The model struggles when, e.g. tasked to evaluate whether the retrieved context is relevant for answering the question or whether the answer contains the retrieved context correctly. The model fails completely when tasked to evaluate whether the information contained in the retieved chunks is similar to the information contained in the ground truth chunks.
From what I can tell it seems to me that the model wasn't trained on these types of evaluation tasks, hence the prompts being OOD, which is sad, as it limits its capabilities and its usage.
The model also fails at comparing and evaluating ground truth chunks with retrieved entities/relationships and their descriptions in GraphRAG scenarios.
All these aspects are very important, as shipping a system that was evaluated only on the question and its answer is way to inconsistent in reality.
Hi @h4rz3rk4s3 we appreciate for the thoughtful feedback!

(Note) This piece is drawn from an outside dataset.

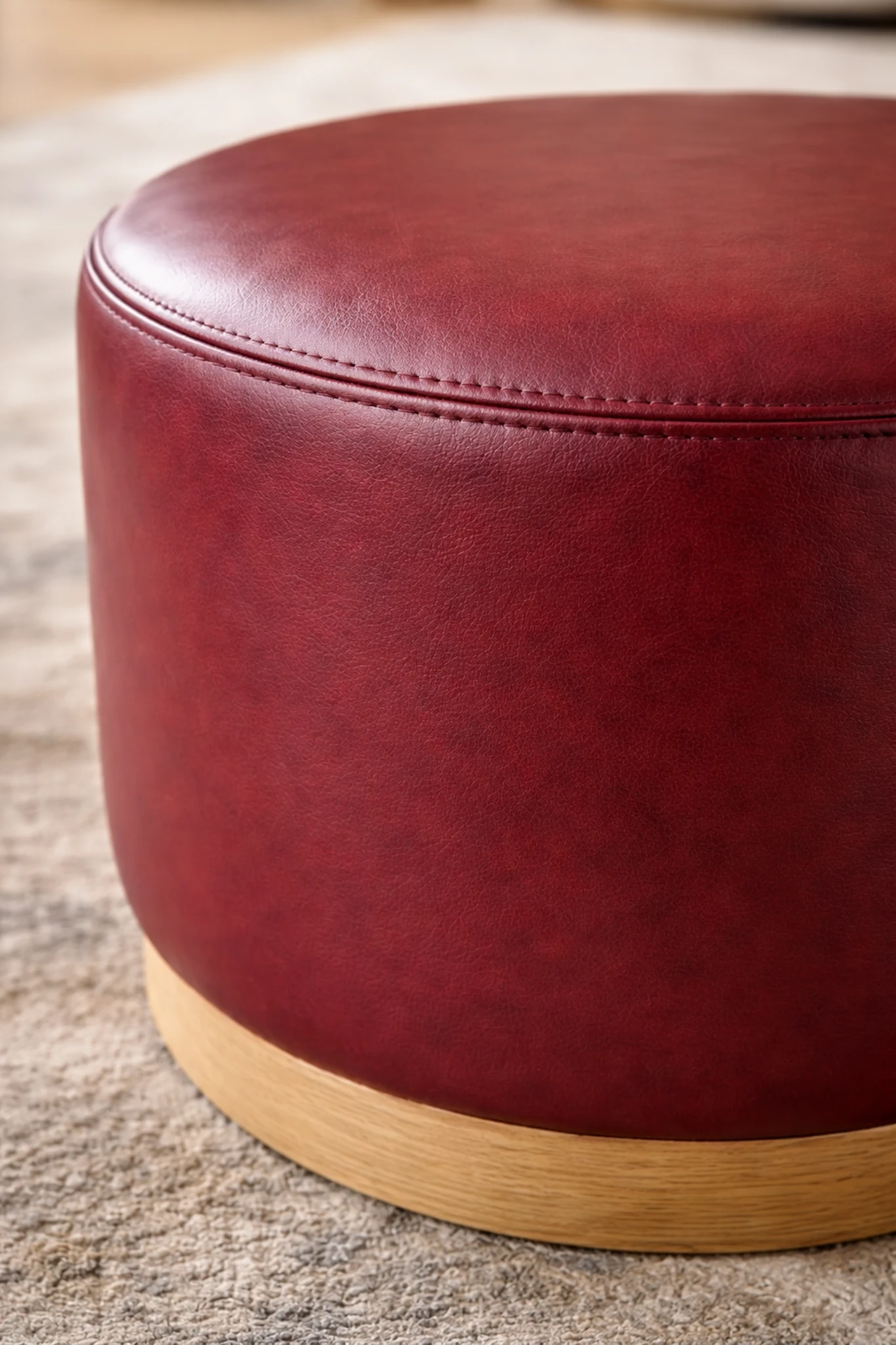 The Silo Ottoman features a softly rounded form and clean detailing, offering a calm, understated presence. Upholstered for comfort and finished with a solid wood base, it brings versatility and quiet balance to contemporary living spaces.

Would love to know more about the exact use case you tried our model with. We're looking to learn more about how to improve the next generation of our models. Would you be open to sharing more? Feel free to email me about this as well: maurice@atla-ai.com
You are correct that we have not trained the model for the retrieved chunks vs. ground truth chunks scenario you describe; so your assessment does not surprise me there. I am more puzzled about the struggles you have found when trying to evaluate whether the answer contains the retrieved context correctly. This is a task that we do specifically train for and have seen users have really good results. Would love to understand better where we failed you there.
Excited to hear from you!
Maurice